When I use this equation with m/s and kg/s, I get an inflated evaporation rate (their example alone provides and incredible evaporation rate for a pool).

Can anyone give me a confirmation of this equation?

Is there a more recommended equation for calculating evaporation(and a source)?

Thank you
:3

2. Jul 1, 2008

### RTW69

This should work.

M-dot= (A)(42.6+37.6V)(Pw-Pa)/Hv

where

m-dot= evaporation rate, kg/hr
A= surface area, m^2
V= air velocity over water surface, m/s
Pw= saturation vapor pressure at water temperature, mm Hg
Ps= saturation vapor pressure of air dew point, mm Hg
Hv= latent heat of vaporization of water at pool temperature, about 2270 KJ/Kg

3. Jul 1, 2008

### t3sseract

This equation is also giving me inflated evaporation rates:

Using:
A = 9m2
V = 0.5m/s
Pw (at 25 deg. C) = 11.76 mmHg
Ps (at 50% RH) = 23.53 mmHg

Gives:
m-dot = 2.84 kg/hr

At this rate my pool will empty almost as fast as I can fill it.

I am using the following equations for computing the Pressures (in Pa, and in visualbasic)

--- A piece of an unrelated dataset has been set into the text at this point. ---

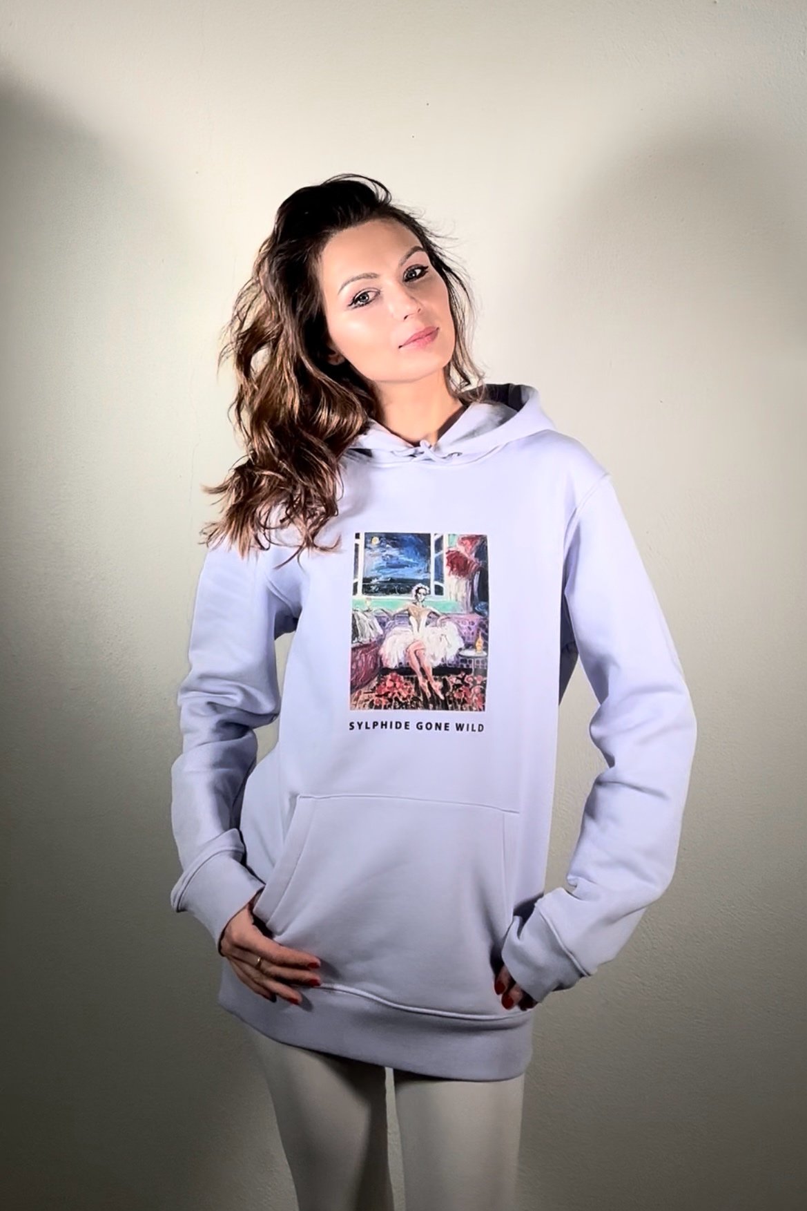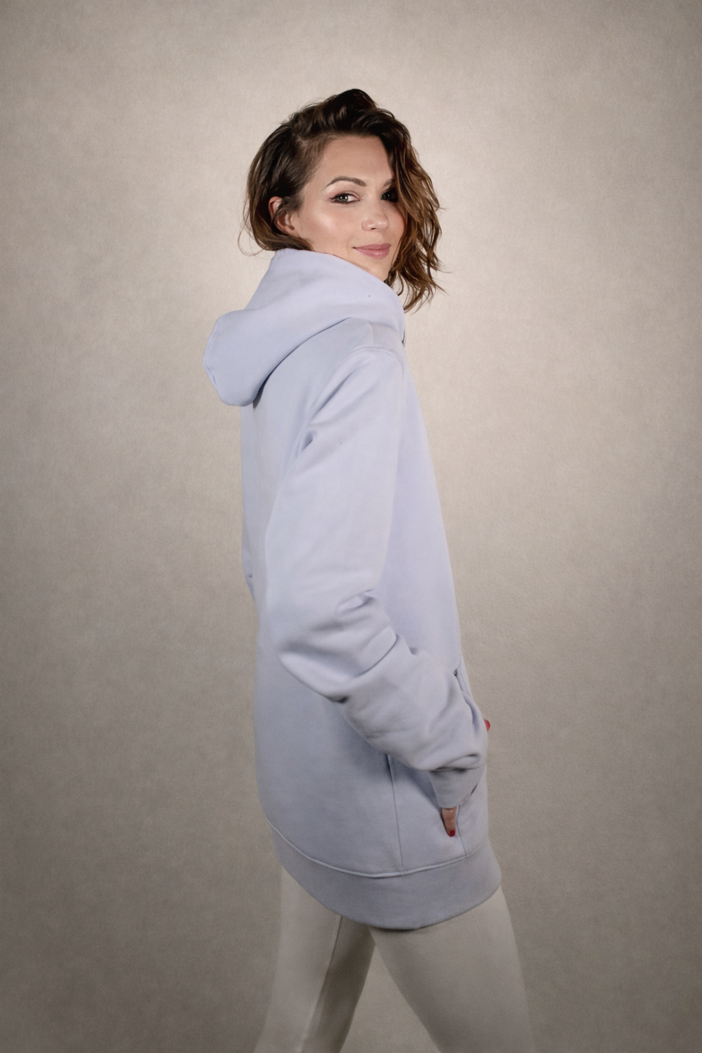 Double-layer hood · kangaroo pocket · recycled metal eyelets

Public Function Vap_Pres_Sat(TempK As Double) As Double

Vap_Pres_Sat = 22105649.25 * Exp((-27405.526 + 97.5413 * TempK + -0.146244 * TempK ^ 2 + 0.00012558 * TempK ^ 3 + -0.000000048502 * TempK ^ 4) / (4.34903 * TempK - 0.0039381 * TempK ^ 2))

End Function

Public Function Vap_Pres(TempK As Double, RH As Double) As Double

Vap_Pres = Vap_Pres_Sat(TempK) * RH

End Function

4. Jul 2, 2008

### RTW69

Pw@25 C = 23.71 mmHG

Ps@ 18 C = 15.46 mmHG ( 25 C air temp, 50% RH)

m-dot= 2 KG/hr, that is about .0022 cm/hr drop in water level for a 9 m^2 surface area

For a vapor pressure calculator goto:

www.csgnetwork.com/vaporpressurecalc.html

To review evaporation rate information goto:

"Measurement and analysis of Evaporation from an inactive outdoor swimming pool"

www.p2pays.org/ref/19/18985.pdf

5. May 3, 2010

### poolguy

I don't have a formula for you, however, I can tell you from experience that you can expect no more than a 1/2 inch of evaporation, for a full day, in the hottest of weather. You can expect increased evaporation if you are in a very windy area. If you think your evaporating too much water, turn the pool off overnight, if you've lost water overnite chances are you have a leak.

6. May 7, 2010

### Bob S

See

http://www.rlmartin.com/rspec/whatis/equations.htm [Broken]

Bob S

Last edited by a moderator: May 4, 2017